Rapid technological advancements demand constant adaptation, which may be particularly unappealing for older adults. As people age, goal priorities shift from exploration to emotional meaning, but modern technology often overlooks this aspect, reducing motivation for older adults to learn. This pre-registered study aims to understand how alignment of information with age-relevant motivation may change people’s information-seeking behaviors.

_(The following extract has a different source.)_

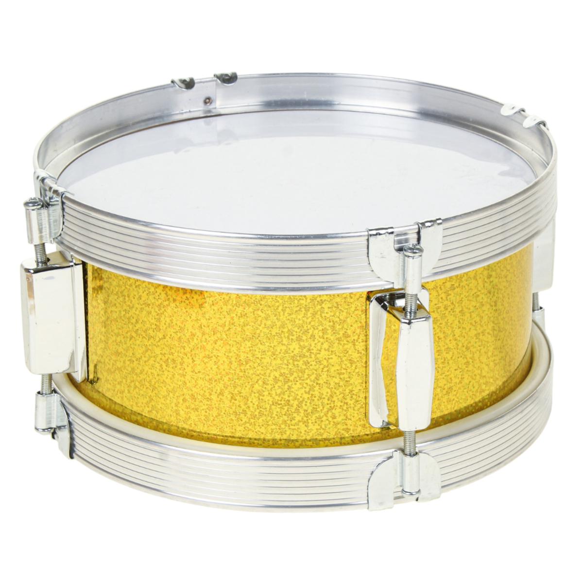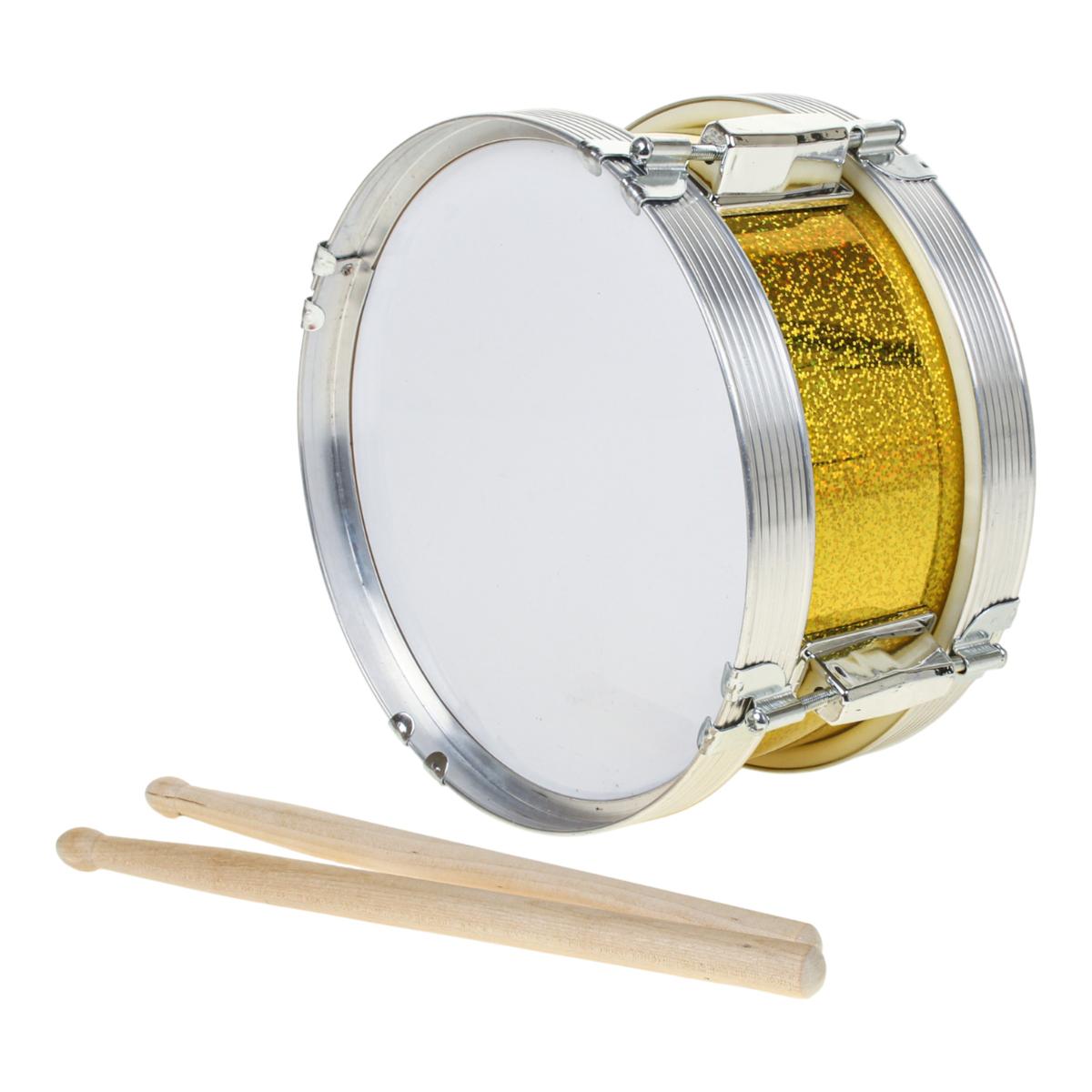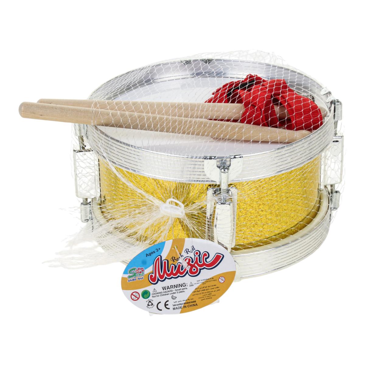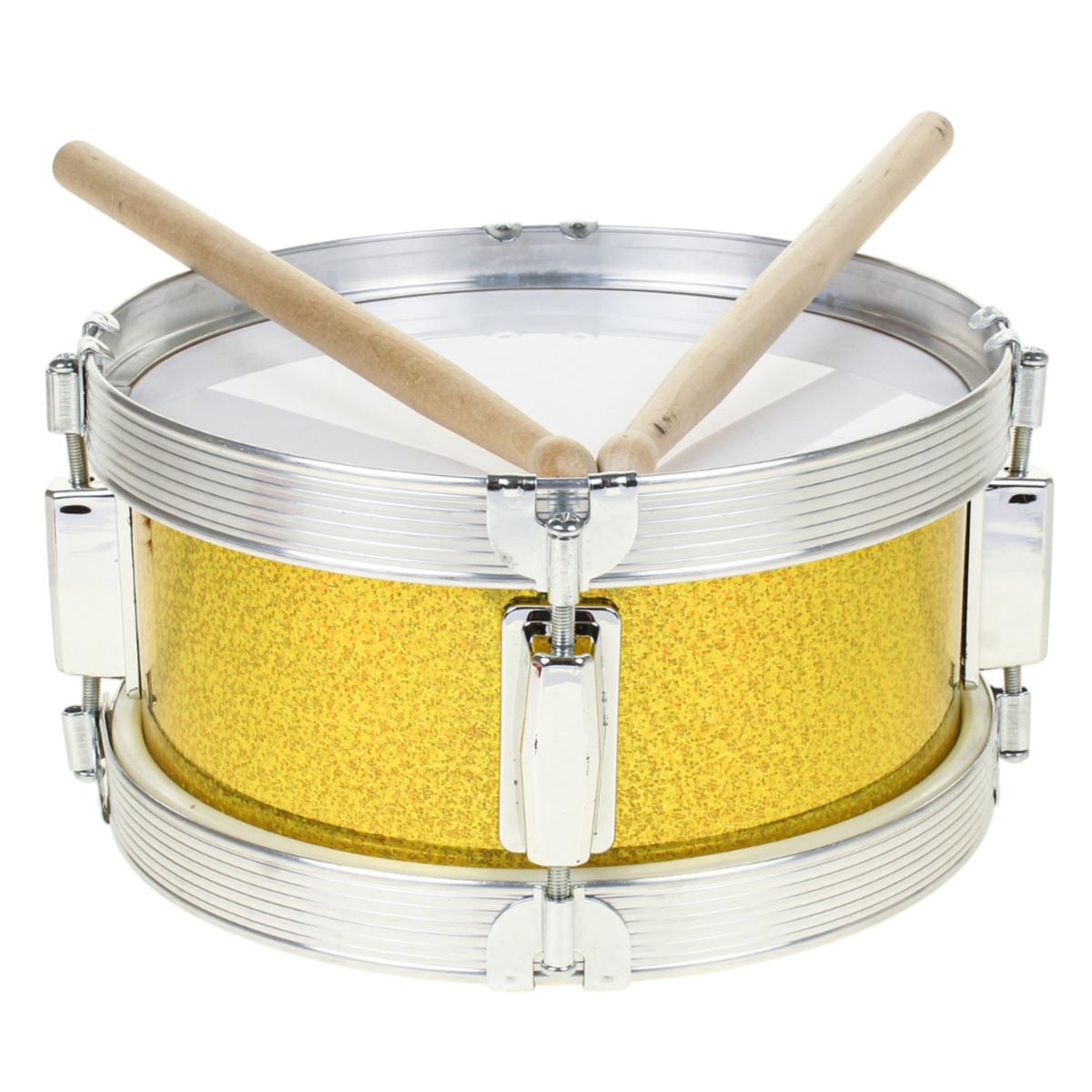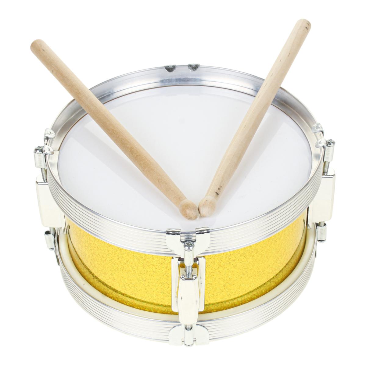 Корпус выполнен в золотистом цвете с блестящим покрытием, мембрана — белая, ободы и крепежные элементы — металлические серебристые. Палочки изготовлены из светлого дерева и удобно лежат в детской руке. Прочная конструкция рассчитана на активную игру.
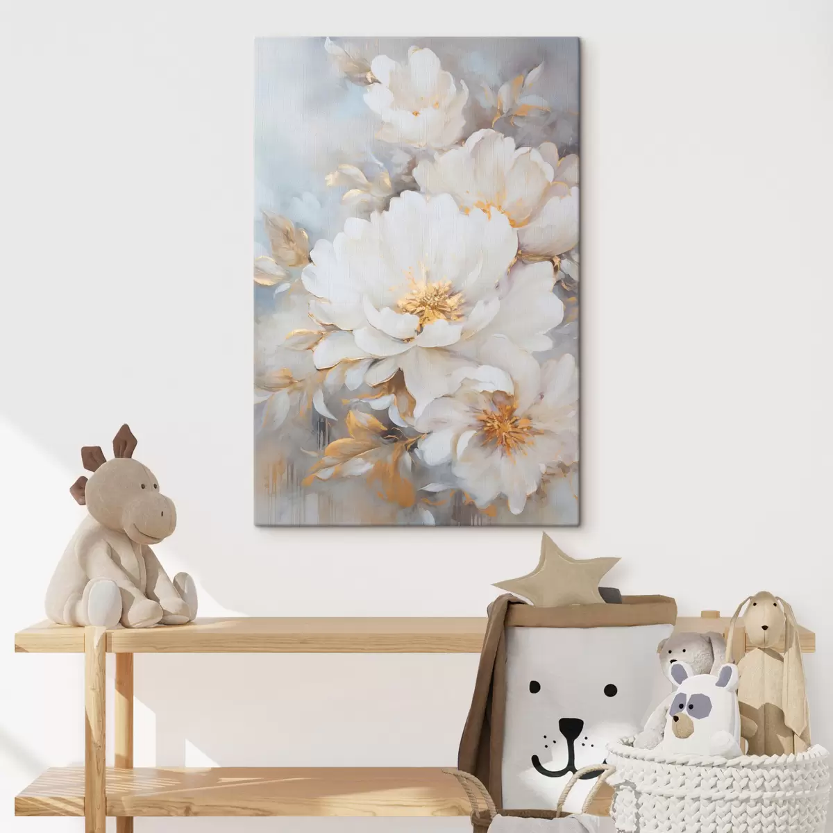 Glezna Baltas peonijas ar dzeltenu centru un lapām, maigi otas triepieni, gaiši zils fons, ziedu kompozīcija s46271

We hypothesized a negative association between age and information-seeking behaviors. Moreover, this association is hypothesized to be moderated by emotional meaning, such that the positive relationship is amplified when technology emphasizes emotional meaning, indicating that older adults are as, if not more, interested in technology compared to younger adults when technology aligns with one’s age-related motivation. We will report findings from an online experiment on a life-span sample of approximately 300 participants. On the data collection website, participants will view eight technological products and choose which ones to explore further. By clicking on the product, a new sentence about the product will be displayed, so the number of clicks and the duration of reading each product may be indices of people’s information-seeking tendencies. Products are randomly assigned to emphasize exploration, social networking, entertainment, or deepening connections with loved ones (the emotionally meaningful option).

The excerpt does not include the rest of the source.